Opinion
53612.
SUBMITTED MARCH 3, 1977.
DECIDED APRIL 5, 1977.
Juvenile delinquency. Hall Juvenile Court. Before Judge Brown.
Brannon, Brannon, Thompson Fox, William S. Hardman, for appellant.
Jeff Wayne, District Attorney, Greer, Deal, Birch, Orr Jarrard, John R. Cleveland, R. Thomas Jarrard, for appellee.
The juvenile court's adjudication of the appellant's delinquency based on three separate break-ins, each constituting burglary, is authorized by the evidence. As to one burglary, the appellant, his brother and a companion were seen on a road approximately 100 feet from a burglarized residence two or three minutes after the resident had returned there. The resident found within the residence food and milk, which had been taken out of his refrigerator, which were so cold as to evidence their removal only about ten minutes before his arrival. Items stolen from this residence were later found behind a tent on the premises of the appellant's home. As to the second burglary, liquor and other items were stolen from a second residence. The liquor was found inside a third residence, where the appellant and his companions were arrested by a stake-out team after being observed entering and leaving it. Other items stolen from the second residence as well as items stolen from the third residence (constituting the third burglary) were also found at the appellant's home.

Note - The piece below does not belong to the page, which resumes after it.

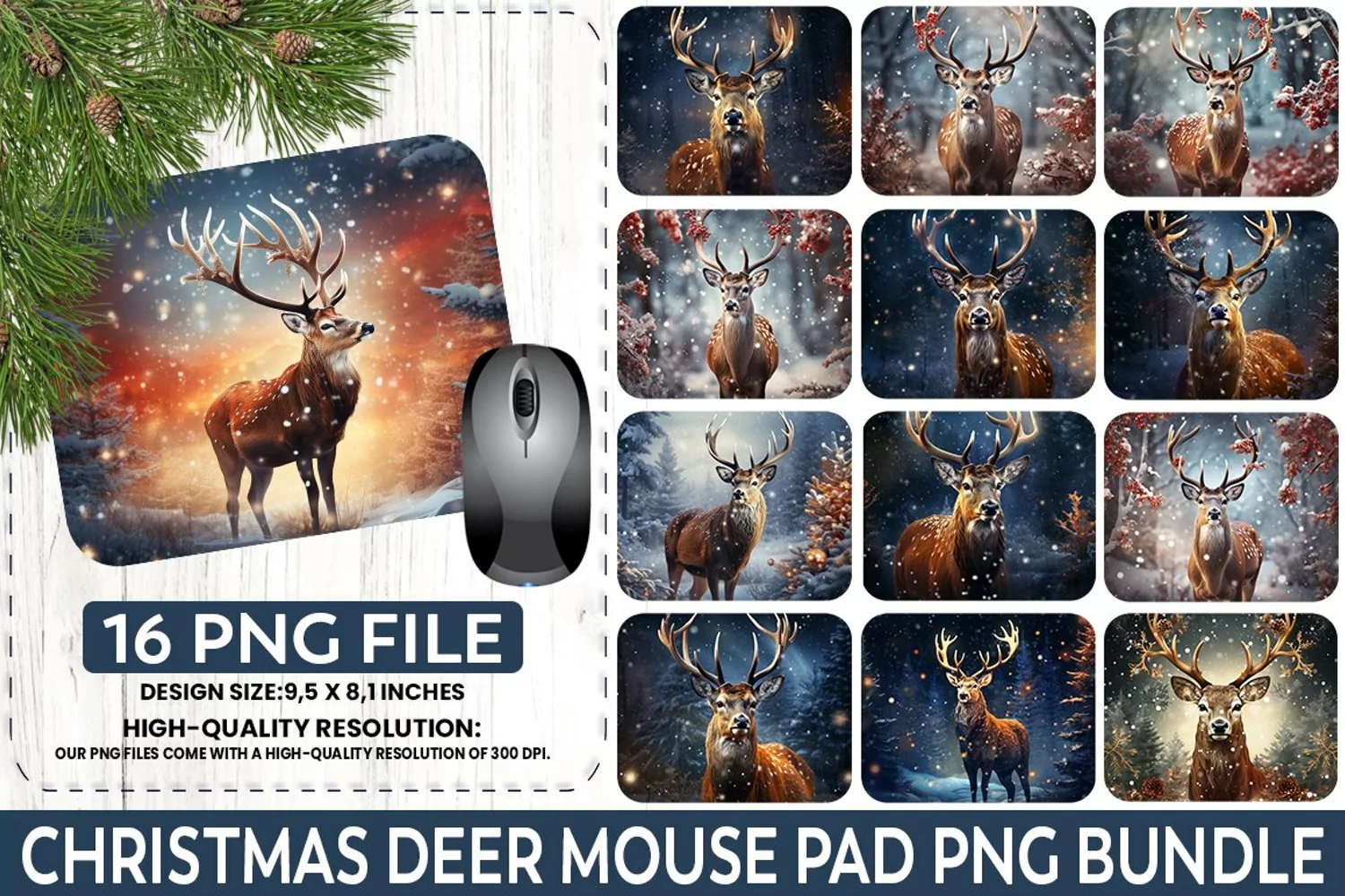 Christmas Deer Sublimation Mouse Pad PNG Bundle

The appellant contends that the circumstantial evidence did not exclude the "reasonable" hypothesis that his brother had stolen all of the items. "`In making a determination of whether any other reasonable hypothesis exists, the defendant's explanation must be taken into consideration insofar as it is consistent with the circumstantial evidence properly admitted.'. . `All that the law requires is that the evidence be such as to justify the inference, beyond a reasonable doubt, that the ... act has been committed.'" Townsend v. State, 127 Ga. App. 797, 799 (2) ( 195 S.E.2d 474) (1972) and cits. The appellant's explanation was inconsistent with the circumstantial evidence hereinabove stated, as well as the testimony of his brother admitting having stolen some, but not all of the items, and denying knowledge of how the remainder of the items had come to be at their home.
Judgment affirmed. Deen, P. J., and Webb, J., concur.